New role: AGI Alignment research

Aug 24, 2023

I'm taking a new role within Google -- I'm joining Google DeepMind to help set up a technical alignment team in the Bay Area. [Edit: There’s already a team in London, which will continue to exist and do great work. I’m helping to set up a US branch of that team.]

You might have questions! Here are some answers.

What the heck is alignment?

Alignment is the idea that we should have AIs aim for human goals, and do so in a way that is fundamentally controlled by humans. This sounds kind of obvious, but in fact it turns out to be pretty hard, especially once you consider (future) AIs that are human level or higher for ~all cognitive tasks (this is called AGI, for Artificial General Intelligence).

Wikipedia has a page if you want a more authoritative take.

Why is AI alignment so hard?

A few reasons:

We don’t have a way to clearly set goals at all for large language models (LLMs), the most powerful current AI system we have. You can ask it to do stuff in a prompt, and sometimes it will do what you want, but frequently gets it wrong, in part because your request is just very ambiguous because language is ambiguous.

You can use training data to encode your goals, which is more reliable, but takes some translation — you put your idea into guidelines, raters label the examples according to the guidelines, and then the model learns to match the pattern in the data. At each of those steps there is a translation to something potentially quite different, and in practice it takes a ton of iteration to get something kind of right, and is basically impossible to get it totally right.
Our understanding of LLMs is very empirical and doesn’t have great theoretical underpinnings, so it’s hard/impossible to know if something will work without doing a lot of experiments. One example of this is if an AI encounters a situation unlike anything in its training, it’s ~impossible to predict what it will do, which seems bad since new experiences do come up from time to time.
Once AGI shows up, we’ll have a new problem: how do we supervise AIs that are smarter than we are? We need some sort of solution that scales with how smart AI is, on top of having a solution that works at all. Which we don’t.

Those first two points seem like general points about ML rather than Alignment in particular.

Fair point.

So why are they there?

Because those issues become very risky when we reach AGI. Right now they are barriers to mundane utility — making LLMs actually useful in everyday life — but imagine if you didn’t have clear goals for an air traffic control system1, or AIs in various kinds of leadership or decisionmaking positions. Generally if you have a really powerful system with a lot of authority you need to have similarly powerful controls.

We have people in positions like that, but we don’t have proof that they will do the right thing.

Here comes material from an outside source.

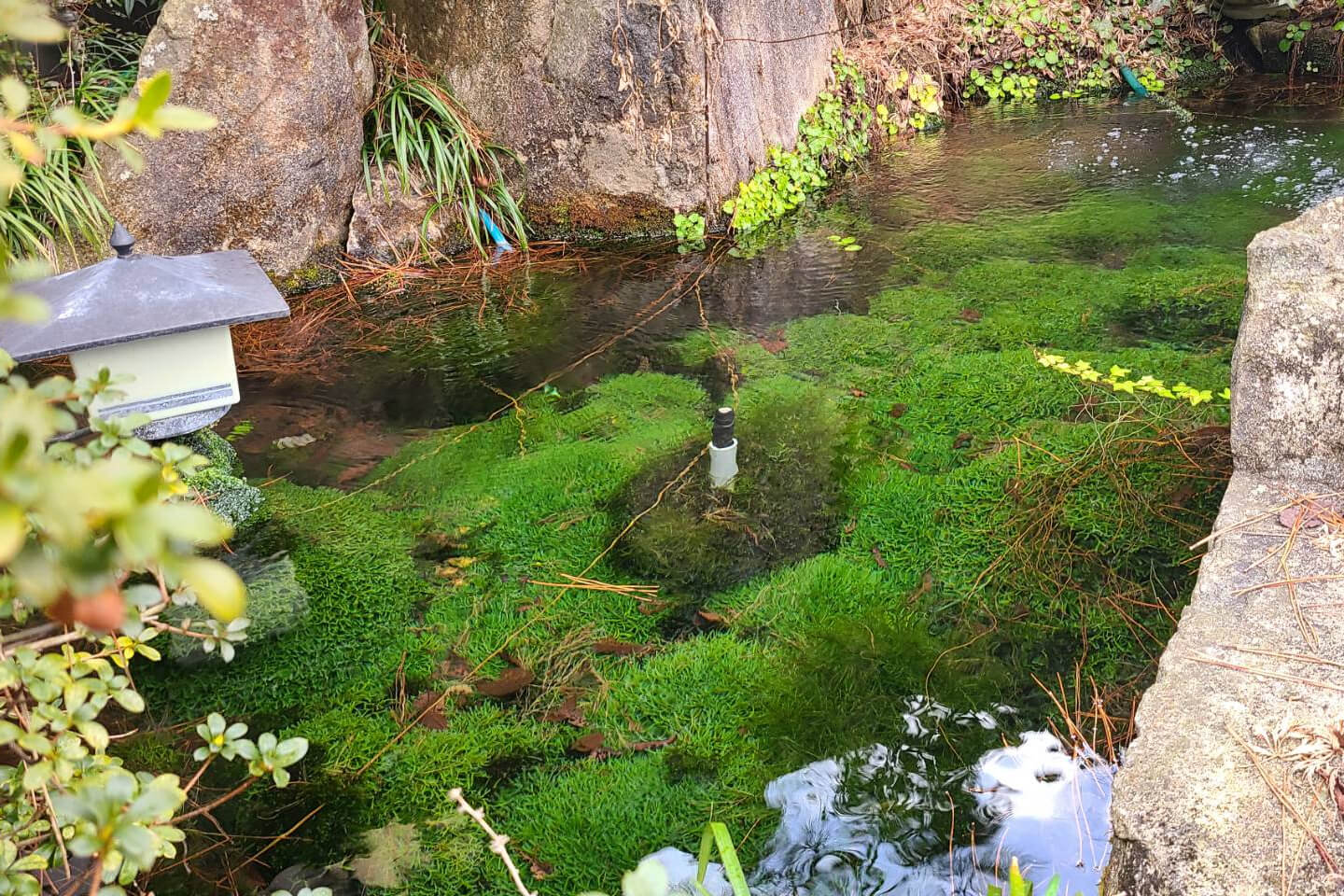 館内の庭に佇む「きよはるの池」には、イワナが一匹だけ泳いでいます。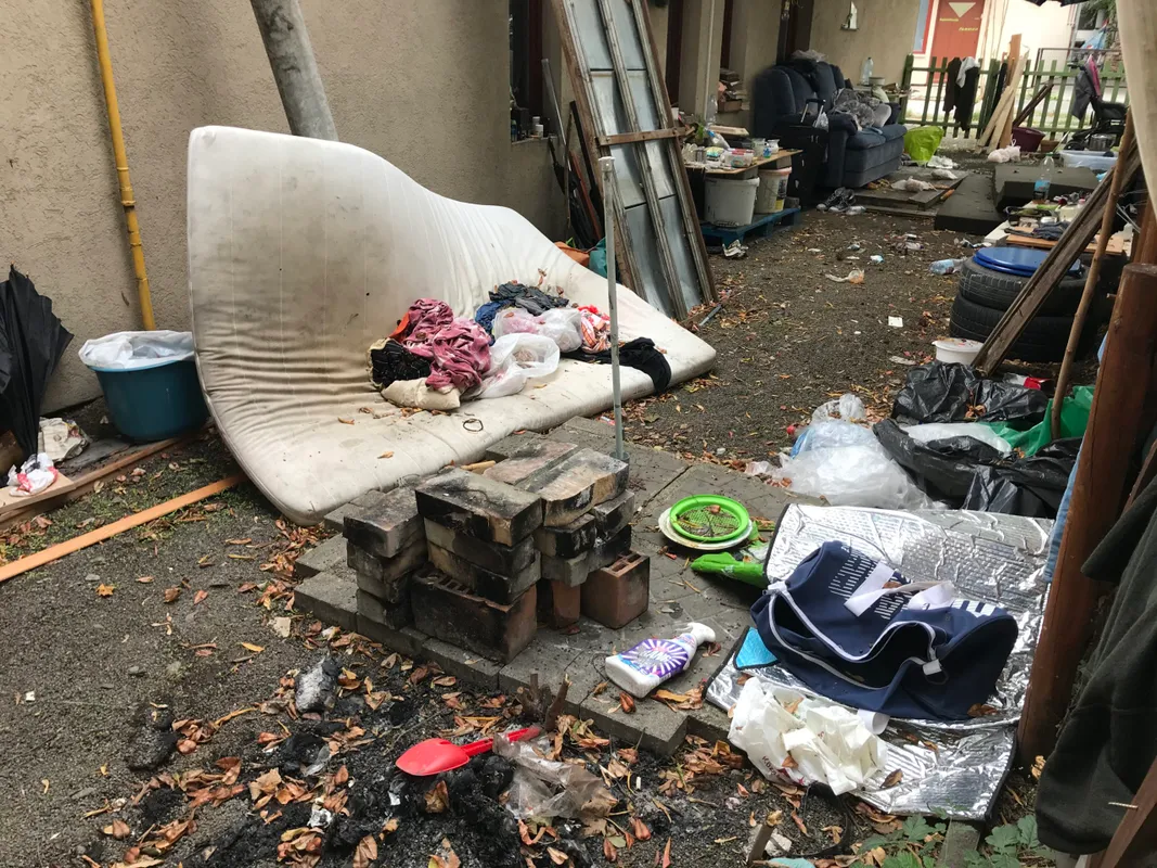 A környező boltokban azt mondják, két hajléktalant elvittek a rendőrök, de az összehordott szemét maradt és mindig jönnek újabbak.

This is true! And we have lots of examples of people with too much power doing horrible things (see: the 20th century). We’ve managed to mostly find control systems that keep the worst things from happening too often with humans. We need to find that kind of control system for AI too, only the stakes are higher and we may not have the centuries of experimentation it took with human organizations to get it right with AI.

But what will you actually do?

Hire a team of research scientists and software engineers to start to tackle some of the really hard technical (as opposed to, e.g. governance/regulations) problems in Alignment.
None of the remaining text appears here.